- California Trust Case: Rudnick v. Rudnick, 179 Cal. App. 4th 1328 (December 2, 2009)
- March 2, 2010 | Author: Kelly L. Hellmuth
- Law Firm: McGuireWoods LLP - Richmond Office
The Rudnick Estates Trust was created in 1965 by the beneficiaries of 11 different trusts for the purpose of liquidating the trusts’ assets and distributing the proceeds to the beneficiaries. While the trustee could negotiate a sale, any disposition had to be approved by a majority of the beneficiaries to be effective.
In 1999, the trust’s major asset, a 68,000-acre ranch, remained. The trustee began the process of selling the ranch by obtaining various offers. The trustee presented an offer for $48 million to the beneficiaries for approval.
The appellants, as beneficiaries, filed for the ex parte appointment of a temporary trustee, an injunction against the sale of the ranch, and the removal of the trustee. Meanwhile, all of the beneficiaries met and a majority voted to accept the offer, over the objection of the appellants. The appellants withdrew their filing after the vote.

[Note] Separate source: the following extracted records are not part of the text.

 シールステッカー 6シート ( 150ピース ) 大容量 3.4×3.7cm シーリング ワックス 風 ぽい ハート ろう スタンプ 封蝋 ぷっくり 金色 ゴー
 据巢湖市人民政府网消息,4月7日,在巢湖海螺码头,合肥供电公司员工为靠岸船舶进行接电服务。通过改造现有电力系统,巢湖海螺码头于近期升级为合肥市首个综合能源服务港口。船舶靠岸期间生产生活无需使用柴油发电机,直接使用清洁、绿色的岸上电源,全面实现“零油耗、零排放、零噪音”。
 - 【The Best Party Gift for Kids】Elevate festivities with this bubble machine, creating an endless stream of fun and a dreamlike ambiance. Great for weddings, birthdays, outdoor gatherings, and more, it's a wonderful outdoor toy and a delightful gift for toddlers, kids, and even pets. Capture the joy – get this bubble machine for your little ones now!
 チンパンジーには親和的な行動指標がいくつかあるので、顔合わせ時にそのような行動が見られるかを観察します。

The trustee filed a petition to obtain instructions for consummating the sale of the ranch and for approval of the distribution of proceeds. The sale agreement provided that it would terminate if not approved by the court by May 4, 2008. The probate court set a hearing for April 3, 2008.

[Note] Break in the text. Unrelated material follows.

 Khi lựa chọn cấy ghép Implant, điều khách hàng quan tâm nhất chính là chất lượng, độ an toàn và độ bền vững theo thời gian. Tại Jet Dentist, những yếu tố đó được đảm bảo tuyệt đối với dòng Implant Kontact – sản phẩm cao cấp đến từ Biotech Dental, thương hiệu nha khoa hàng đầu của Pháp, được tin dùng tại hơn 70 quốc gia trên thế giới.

Appellants filed an ex parte application to vacate the April 3 hearing date and objections to the trustee’s petition. The hearing started on April 21 and lasted eight days. On May 2, the probate court approved the sale and instructed the trustee to proceed.
The trustee then filed a motion to recover attorneys’ fees and costs incurred with the petition for instructions and to charge that amount against the appellants’ shares of the trust. The court found that the appellants’ opposition to the trustee’s petition was not made in good faith and granted the motion.
Appellants argued that the probate court could not award fees absent statutory or contractual authority, but the appellate court ruled that the award was made under the equitable powers that the probate court holds over the administration of trusts in its jurisdiction. The court concluded that it would be unfair for the majority of the beneficiaries to be charged the fees and costs because of appellants’ unfounded opposition and attempts to delay the sale.
The court confirmed that a trustee may hire attorneys to aid the trust, and may pay reasonable fees out of the trust assets. The issue here was whether it was appropriate to shift the burden of paying those fees entirely to the appellants’ shares, and the court determined that it was, based on appellants’ bad faith.